United Credit Corp. v. Necamp

74 Pa. D. & C.2d 478, 1976 Pa. Dist. & Cnty. Dec. LEXIS 178
CourtPennsylvania Court of Common Pleas, Bucks County
DecidedFebruary 25, 1976
Docketno. 73-7225-02-1
StatusPublished

This text of 74 Pa. D. & C.2d 478 (United Credit Corp. v. Necamp) is published on Counsel Stack Legal Research, covering Pennsylvania Court of Common Pleas, Bucks County primary law. Counsel Stack provides free access to over 12 million legal documents including statutes, case law, regulations, and constitutions.

Bluebook
United Credit Corp. v. Necamp, 74 Pa. D. & C.2d 478, 1976 Pa. Dist. & Cnty. Dec. LEXIS 178 (Pa. Super. Ct. 1976).

Opinion

MONROE, P. J.,

This is an action on a promissory note in the amount of $7,000. The case was tried before the undersigned, sitting without a jury, who found plaintiff to be a holder in due course of the note in question and entered a verdict in favor of plaintiff and against defendant in the sum of $7,000. Defendant filed written exceptions (Pa.R.C.P. 1038(d)) to the finding and verdict and to the trial judge’s rulings with respect to proffered testimony by Alfred Weintraub, Esq., hereafter related. The exceptions were argued on January 5, 1976, before the above three judges sitting as a court en banc. The case is now ready for disposition.

The primary issue is whether plaintiff, United Credit Corporation, is a holder in due course and, therefore, entitled to recover free and clear of any possible defenses of the maker of note, the defendant, Gerald Necamp.

On August 6, 1971, defendant executed this note payable 18 months after date, i.e., on February 6, 1973, at the First National Bank, Piscataway, N.J. The note was payable to the order of APF, Inc., a company engaged in the manufacture of picture frames.
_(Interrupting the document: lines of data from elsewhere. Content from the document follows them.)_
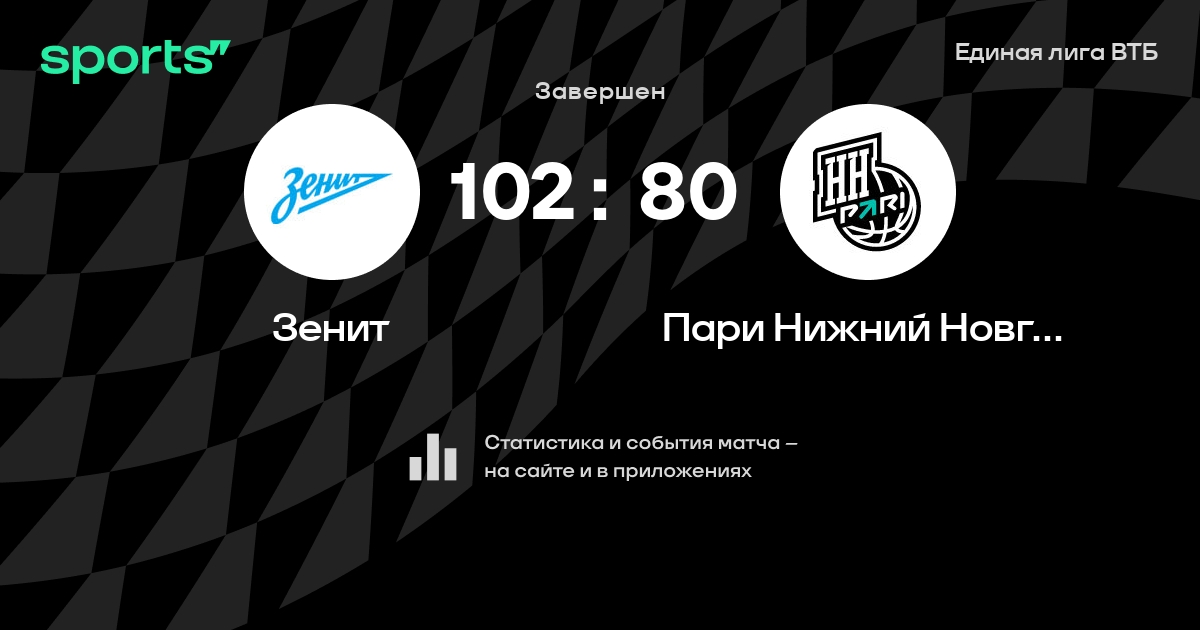 В прошедшем матче в рамках турнира Единая лига ВТБ состоялась встреча команд Зенит - Пари Нижний Новгород в городе Санкт-Петербург (Россия) на стадионе КСК Арена (вместимость - 7120)
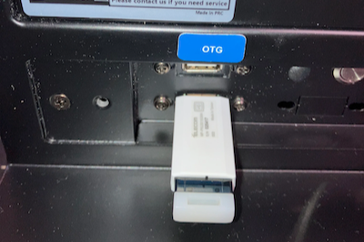 - 管理者モードでエクスポートする場合、本体背面のUSB端子にUSBメモリーを挿入します。
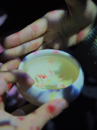 Participants were served in three phases—tea, dinner, dessert—each accompanied by corresponding visual changes. As they reached for dishes or interacted with the space, the projections bloomed outward, responding like petals to light. The design blurs boundaries between private ritual and shared spectacle, between stillness and motion.
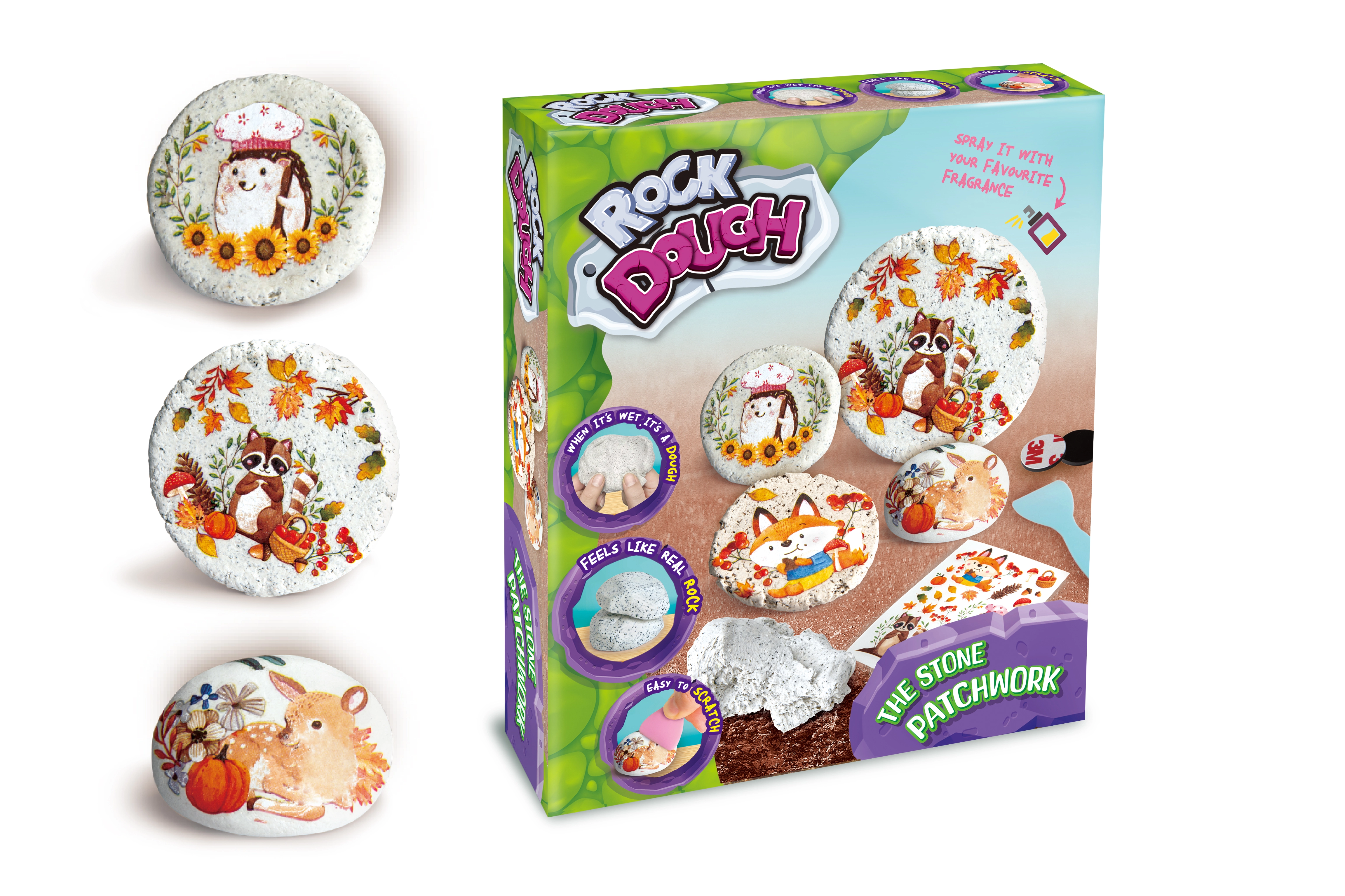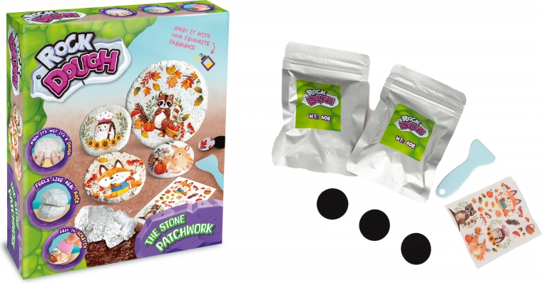 - 2× 60 g πέτρινης μάζας, 3× μαγνητικό βαρίδι, αυτοκόλλητα, σπάτουλα, εικονογραφημένες οδηγίες
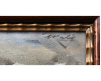 POPIS: Olej na lepence, rozměry: 25 x 35cm, zaskleno
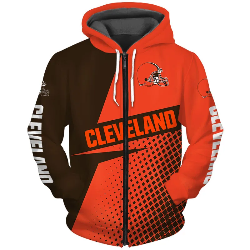 Cleveland Browns Grid Pattern 3D Zipper Hoodie

Plaintiff is a lending institution known as a factoring finance company. On May 23, 1968, plaintiff and APF, Inc. executed a security agreement under which plaintiff was to lend APF, Inc. operat[480]*480ing capital against the security of accounts receivable, notes, inventory, equipment and general tangibles. The security agreement provided that plaintiff would lend APF, Inc. an amount equal to 80 percent of the net security of the various assets in APF, Inc.’s possession.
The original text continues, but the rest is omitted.